### What is needed
From the line with "Microsoft Word" through the line with "EJ295 Chaise Sofa.", repeat the entries verbatim, both end lines included, and add nothing.

### Source data
* * * * * * *

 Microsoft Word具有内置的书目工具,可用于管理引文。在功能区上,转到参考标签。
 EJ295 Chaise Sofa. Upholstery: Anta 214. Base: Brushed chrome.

* * * * * * *

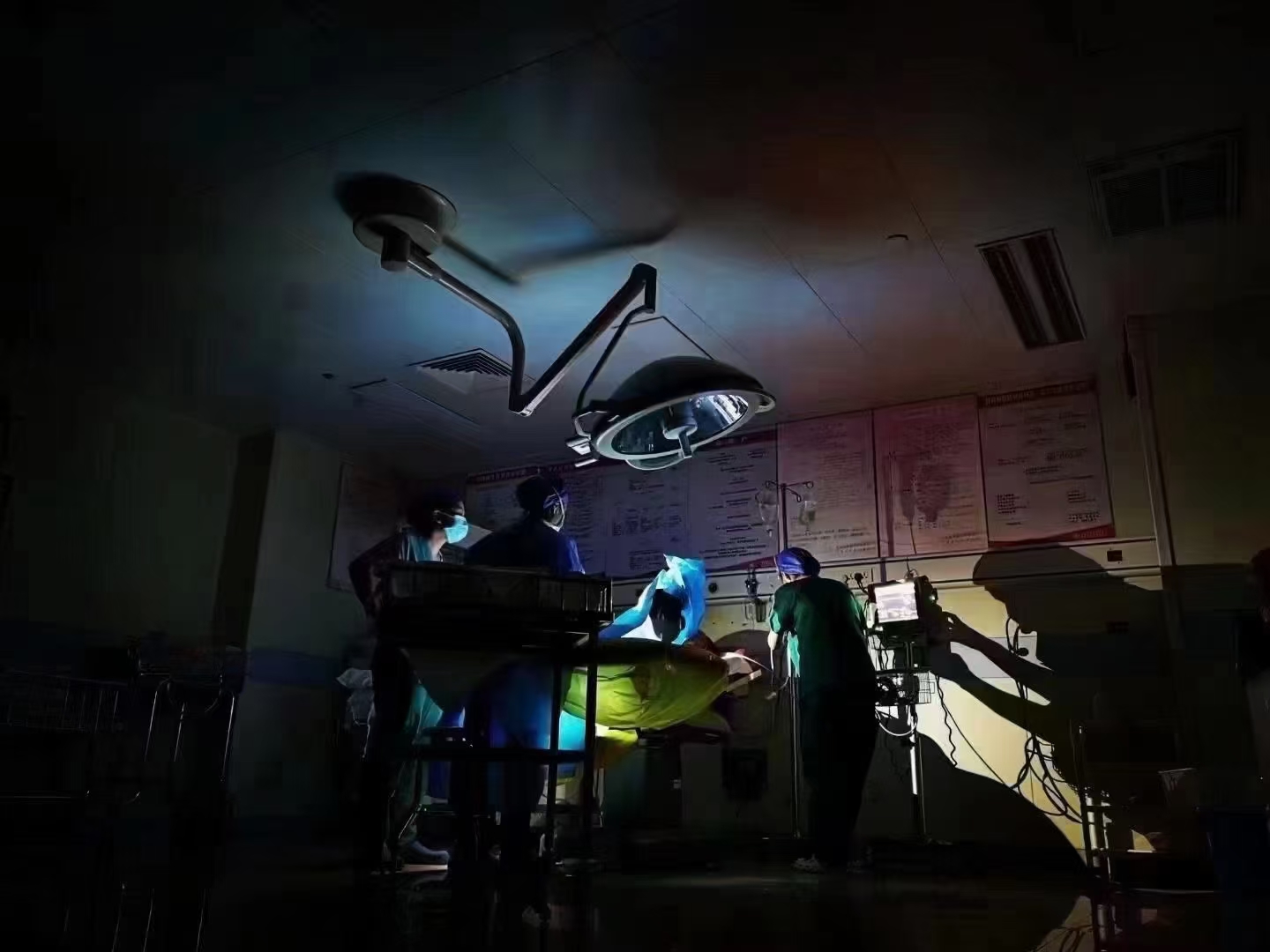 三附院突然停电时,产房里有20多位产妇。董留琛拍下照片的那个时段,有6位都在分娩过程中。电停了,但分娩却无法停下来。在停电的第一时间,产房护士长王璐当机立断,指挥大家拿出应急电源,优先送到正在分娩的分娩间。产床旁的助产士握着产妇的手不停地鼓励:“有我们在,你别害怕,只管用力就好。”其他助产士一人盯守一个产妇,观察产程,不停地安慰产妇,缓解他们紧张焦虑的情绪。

* * * * * * *

### Solution below
 Microsoft Word具有内置的书目工具,可用于管理引文。在功能区上,转到参考标签。
 EJ295 Chaise Sofa. Upholstery: Anta 214. Base: Brushed chrome.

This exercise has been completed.